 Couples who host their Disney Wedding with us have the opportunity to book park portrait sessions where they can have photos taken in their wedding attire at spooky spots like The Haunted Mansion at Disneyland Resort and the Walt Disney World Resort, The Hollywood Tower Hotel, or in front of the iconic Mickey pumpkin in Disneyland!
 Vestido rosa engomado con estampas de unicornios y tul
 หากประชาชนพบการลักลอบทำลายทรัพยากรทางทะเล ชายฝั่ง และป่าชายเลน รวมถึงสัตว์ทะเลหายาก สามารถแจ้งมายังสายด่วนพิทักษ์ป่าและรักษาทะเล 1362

*-*-*

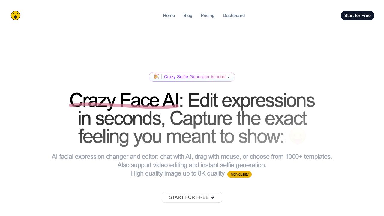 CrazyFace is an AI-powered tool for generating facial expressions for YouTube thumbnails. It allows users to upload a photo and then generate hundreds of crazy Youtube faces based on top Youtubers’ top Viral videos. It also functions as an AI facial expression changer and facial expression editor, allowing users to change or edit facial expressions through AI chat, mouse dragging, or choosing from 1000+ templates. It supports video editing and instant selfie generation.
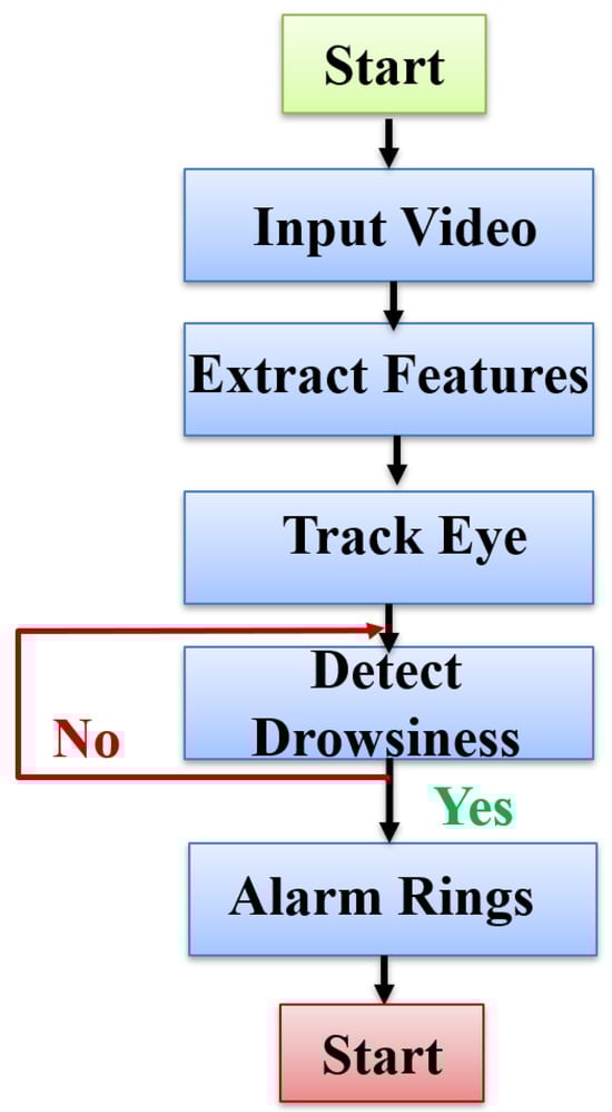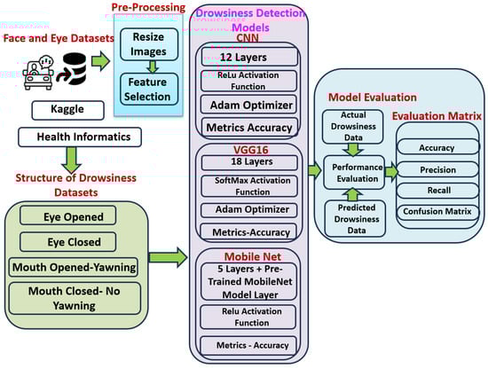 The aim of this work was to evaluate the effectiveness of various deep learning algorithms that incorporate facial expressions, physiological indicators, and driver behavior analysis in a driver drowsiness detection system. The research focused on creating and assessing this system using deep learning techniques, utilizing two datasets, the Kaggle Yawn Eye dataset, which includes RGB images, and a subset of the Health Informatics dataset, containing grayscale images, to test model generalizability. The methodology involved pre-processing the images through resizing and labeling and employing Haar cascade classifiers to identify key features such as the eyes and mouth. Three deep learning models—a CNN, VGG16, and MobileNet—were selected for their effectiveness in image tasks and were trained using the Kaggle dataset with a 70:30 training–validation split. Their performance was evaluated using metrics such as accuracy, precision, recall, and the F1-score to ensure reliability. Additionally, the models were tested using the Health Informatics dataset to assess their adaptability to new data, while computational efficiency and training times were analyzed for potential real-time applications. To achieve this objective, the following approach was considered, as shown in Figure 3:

*-*-*

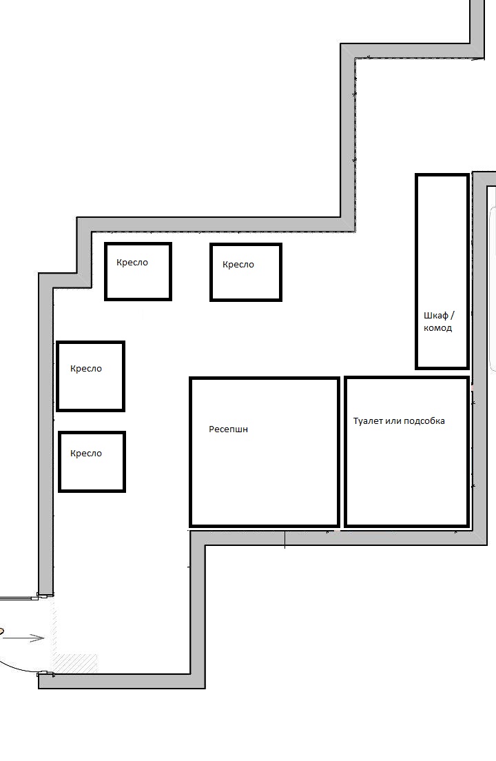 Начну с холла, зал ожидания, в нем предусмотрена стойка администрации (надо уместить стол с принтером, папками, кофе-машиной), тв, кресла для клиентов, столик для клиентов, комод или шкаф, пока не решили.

*-*-*

_Work to complete_
Both end lines included, restate word for word the lines above from the line with "Couples who host" to the line with "หากประชาชนพบการลักลอบทำลายทรัพยากรทางทะเล ชายฝั่ง และป่าชายเลน", and nothing else.

_Response box_
 Couples who host their Disney Wedding with us have the opportunity to book park portrait sessions where they can have photos taken in their wedding attire at spooky spots like The Haunted Mansion at Disneyland Resort and the Walt Disney World Resort, The Hollywood Tower Hotel, or in front of the iconic Mickey pumpkin in Disneyland!
 Vestido rosa engomado con estampas de unicornios y tul
 หากประชาชนพบการลักลอบทำลายทรัพยากรทางทะเล ชายฝั่ง และป่าชายเลน รวมถึงสัตว์ทะเลหายาก สามารถแจ้งมายังสายด่วนพิทักษ์ป่าและรักษาทะเล 1362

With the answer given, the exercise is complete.